While you might feel nervous about telling your loved ones that you aren't enjoying all the attention and would prefer them to stop putting you in the spotlight because of the wedding, being honest is always better than hiding your feelings. As long you share your feelings in a kind and respectful way, your friends and family should accept that you don't enjoy all the wedding-related questions and comments — even if their intentions are good. "A good friend is able to read between the lines of what's being said because they pay attention, and they know your heart. ... A good friend pays attention to the details because you care to take the time to understand the heart of your friend," Chaute Thompson, LMHC, told MindBodyGreen. Thus, if your group truly cares about you, they'll know that your request for less attention isn't meant as an insult — it's just about your comfort.
Don't lose sight of why you have all the attention in the first place
Although you don't like being in the spotlight, don't forget that you have all the attention for a great reason — you're getting married! An upcoming wedding is something to be excited about, and no matter how much you hate being the center of attention, you should be happy to get married. Your time in the spotlight at your wedding isn't the same as a work or school presentation. No one is going to judge you, fire you, or give you a bad grade for stumbling as you walk down the aisle or feeling nervous when reading your vows. Fear of attention is valid and understandable, but remember that the focus is on you because you're starting a beautiful new chapter, so try to channel your stress into happiness.
As long as you ensure your wedding is enjoyable for everyone with a great venue, music, food, and drinks, your guests will be too busy having fun to judge you for your nervousness. "Guests have usually been to countless weddings and can predict what's coming next... Inject personality and thought into every aspect of your celebration and friends will be talking about the fun they had for years to come," Jennifer Stiebel of SoCo Events in Washington, D.C., told Bridal Guide. Just focus on planning a fun experience for everyone rather than stressing over what they'll think of your speaking and dancing skills.

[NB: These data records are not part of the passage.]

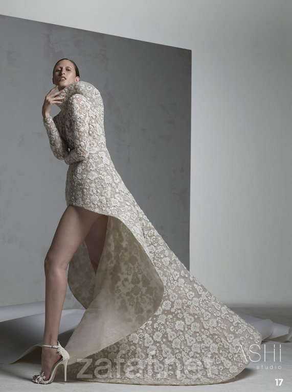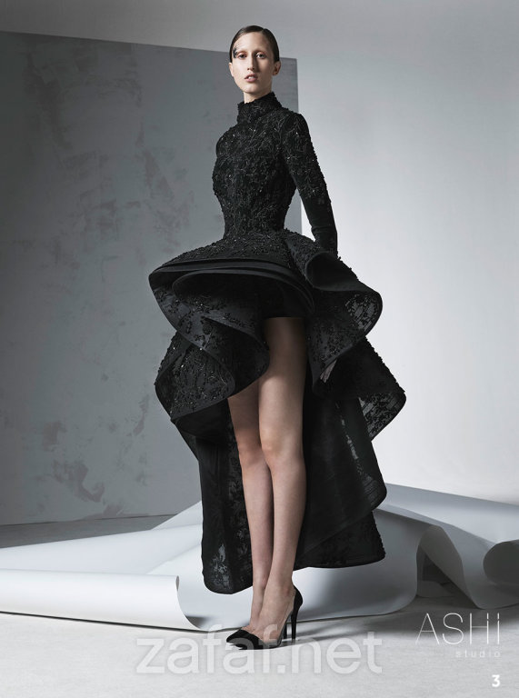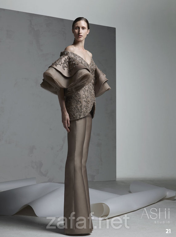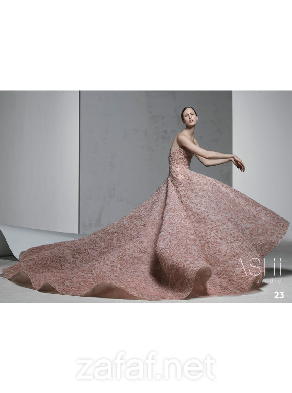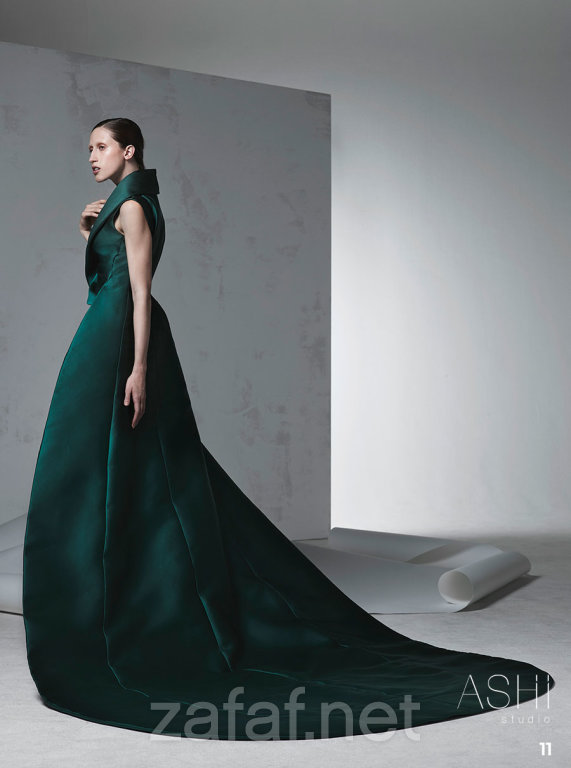 من جديد يذهلنا المصمم السعودي المبدع “محمد آشي” بمجموعة فساتين هوتكوتور لخريف وشتاء 2017، والتي تميزت بتصميماتها الراقية والعصرية، والتفاصيل الفخمة والدقة في في عملها. وضمت مجموعة أزيائه العديد من تصاميم الهوت كوتور الأنيقة، وغلب عليها طابع الألوان الهادئة كالأبيض اللؤلؤي والكريمي الناعم، بالإضافة إلى اللون الأسود الذي يمتاز بالفخامة والرقي واللون الأخضر الغامق. وكما استخدمت الأقمشة من الحرير والكريب والتل مظهرةً الفساتين بفخامة وبرزت بقوة في تصاميم “محمد آشي” الفساتين المنتفخة ذات التموجات الناعمة والهندسية بشكل فخم، كما لفت إعجاب الجميع ظهور الفساتين ذات المقدمة القصيرة بشكل منتفخ وثابت، التي تعيدك إلى القرن الثامن عشر. وبالتأكيد ستحبين التفاصيل البارزة التي تزين القطع كالتطريزات، والنقوش التي ترسلك إلى عالم القصص الخيالية والأميرات الحسناوات مع لمسات شرقية.
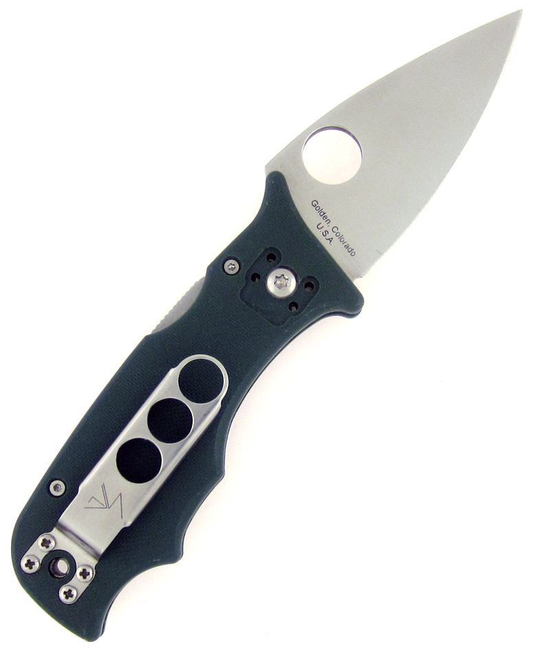 Features include: A socially friendly three inches of CPM S30V blade that is flat-ground. By keeping the blade small to medium in size, the model draws less interest when taken out and used in public. It's also thicker than most production blades at 4mm, with the diameter of the Spyderco Round Hole enlarged to 14mm for big or gloved hands. Recessed contouring milled out of the green G-10 handle and a prominent quillion provide substantial grip surface with enough angles to really wrap the hand around, hold on tightly and muscle down while cutting. Because the folder is for heavy use and MBC applications it has a Compression Lock -- the strongest, highest weight bearing locking system Spyderco manufactures. To lessen wear and tear on a pocket, the clip is rolled along the edges and positions tip-up or down. Three indexing divots (these are mirrored on the opposite side of the handle as well) are for rotating hand-holds during MBC practice and drills. A real scrapper designed to be overworked and still fall within legal blade length limits in most municipalities. Excellent condition, no box. Very hard to find!
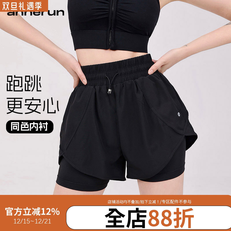 Internet celebrity sports shorts, women's loose flesh-covering high-waisted, anti-light, slimming, running gym pants, fake two pieces of yoga hot pants
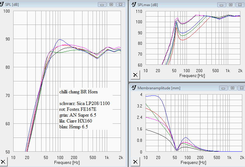 Der Fostex scheint mir der Simulation nach aber im Bassbereich schnell aufzugeben, ok bei 0,6mm XMax auch nicht verwunderlich, wenn das eine Simulation mit 1W ist solltest du also vorsichtig sein.
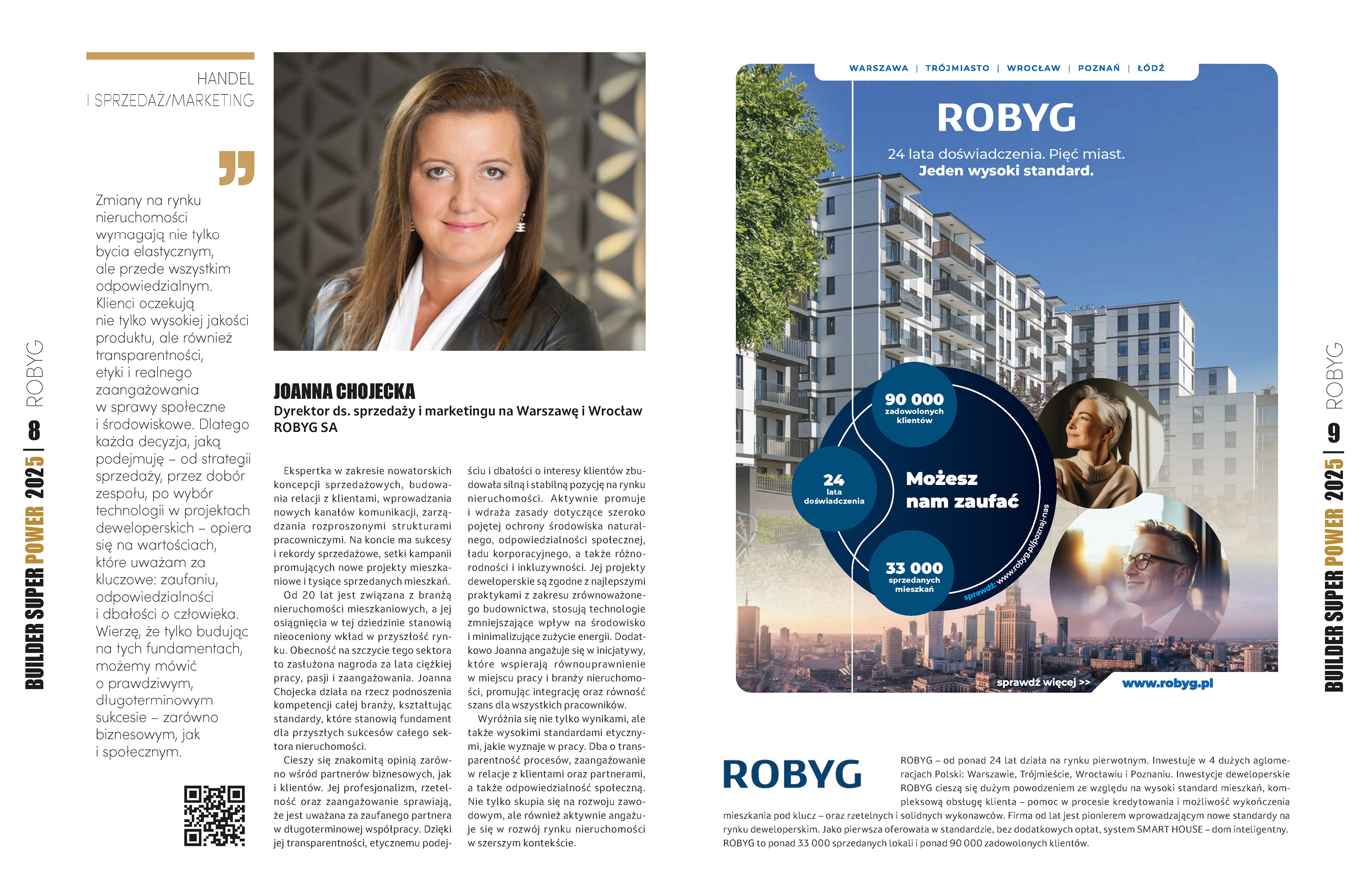 Od 20 lat jest związana z branżą nieruchomości mieszkaniowych, a jej osiągnięcia w tej dziedzinie stanowią nieoceniony wkład w przyszłość rynku. Obecność na szczycie tego sektora to zasłużona nagroda za lata ciężkiej pracy, pasji i zaangażowania. Joanna Chojecka działa na rzecz podnoszenia kompetencji całej branży, kształtując standardy, które stanowią fundament dla p rzyszłych s ukcesów c ałego s ektora nieruchomości.
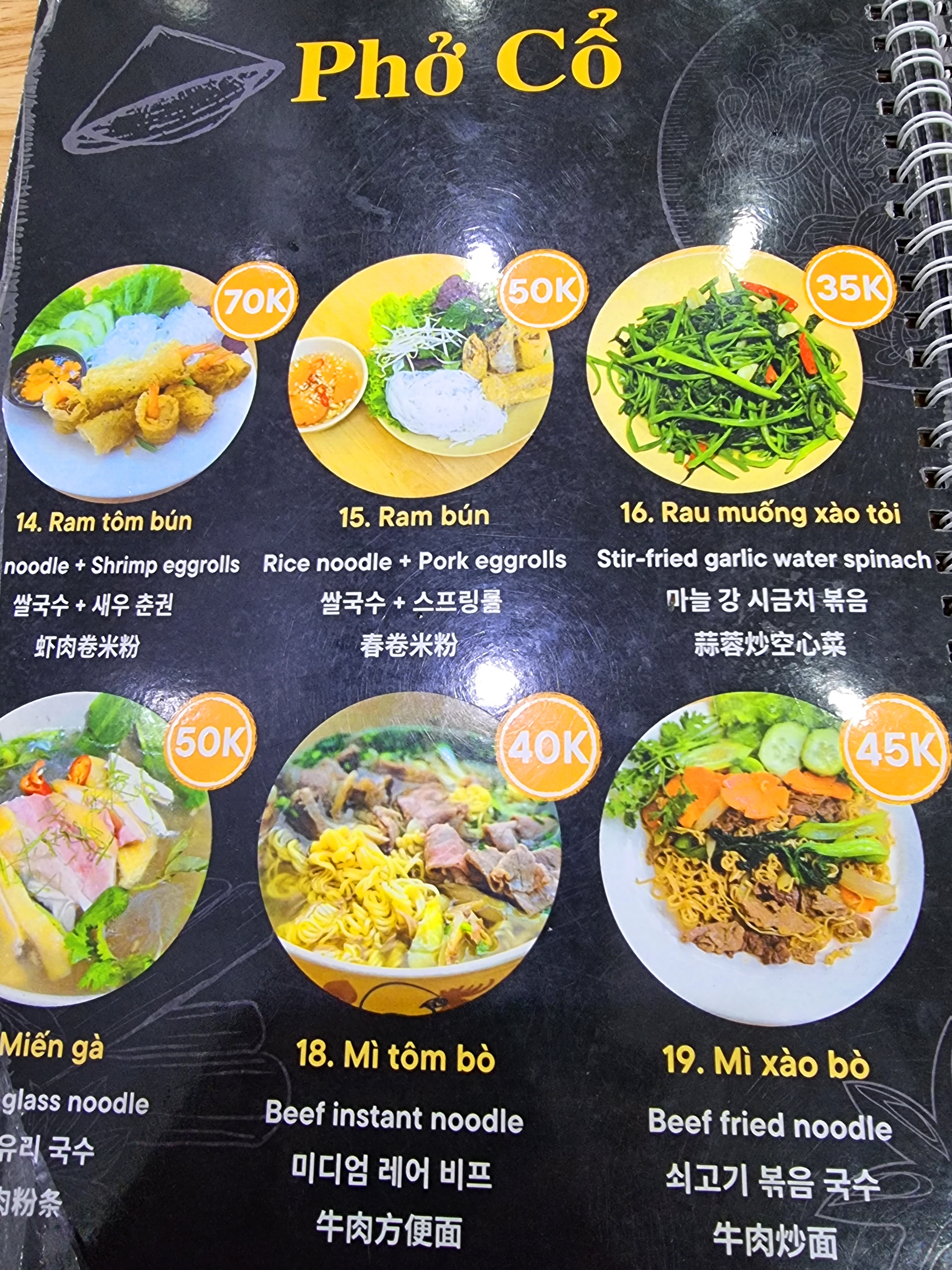 베트남에서 국수를 시키던, 요리를 주문하면
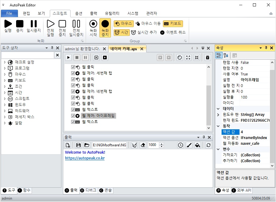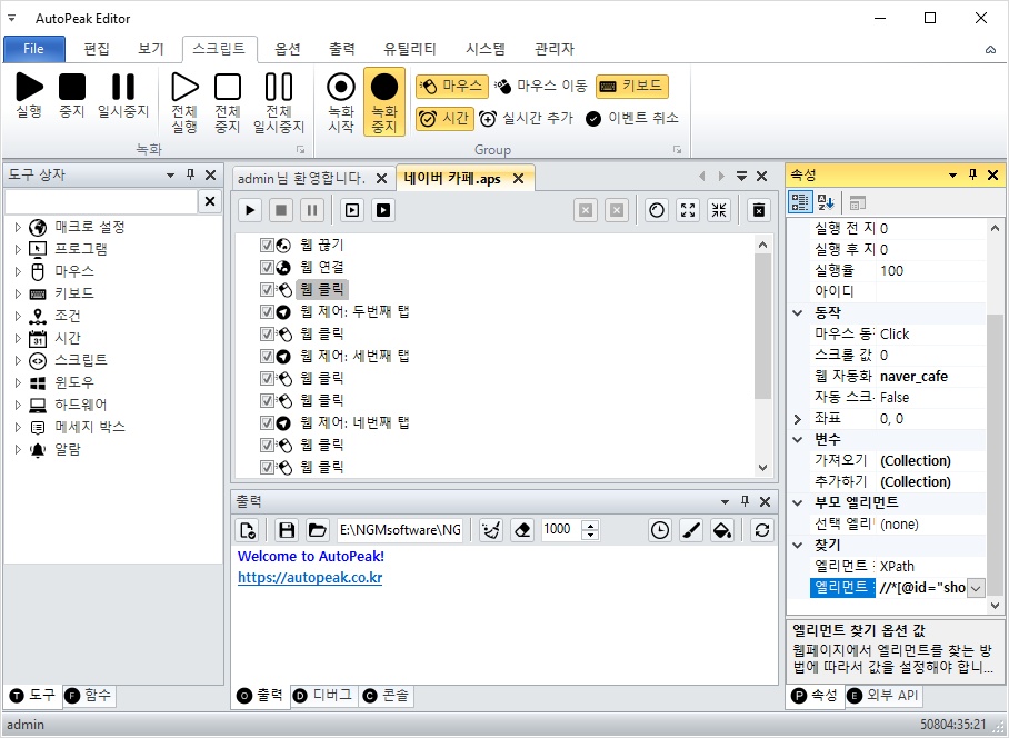 오토픽 에디터를 실행하고, 홈페이지의 제품소개 > 스크립트에서 네이버 카페 스크립트를 다운로드 받은 후 에디터에서 열어보세요.

Use healthy techniques for a calmer mindset
Meditation is a helpful and healthy way to handle nervousness and anxiety before walking into the spotlight. "I recommend all people — that includes all patients I have — learn which [meditation] techniques work for them, and then practice it routinely," Mike Roizen, M.D., chief wellness officer at the Cleveland Clinic and chairman of the Vitamin Packs medical advisory board, told Prevention. There are many apps for meditation you can try, so test different options to see which one best helps you cope with all the overwhelming wedding-related attention.
Don't forget that your fiancé is in the same situation as you, so talk to them when all the attention is causing you stress, whether before or on the big day. Sometimes, all you need is a hug from that special someone to make you feel better when you're overwhelmed. Moreover, don't turn to alcohol or drugs to cope with the stress on or before the wedding. Not only is relying on them unhealthy, but people tend to act differently when under the influence, which will likely only lead to more attention on you and a higher risk of embarrassment.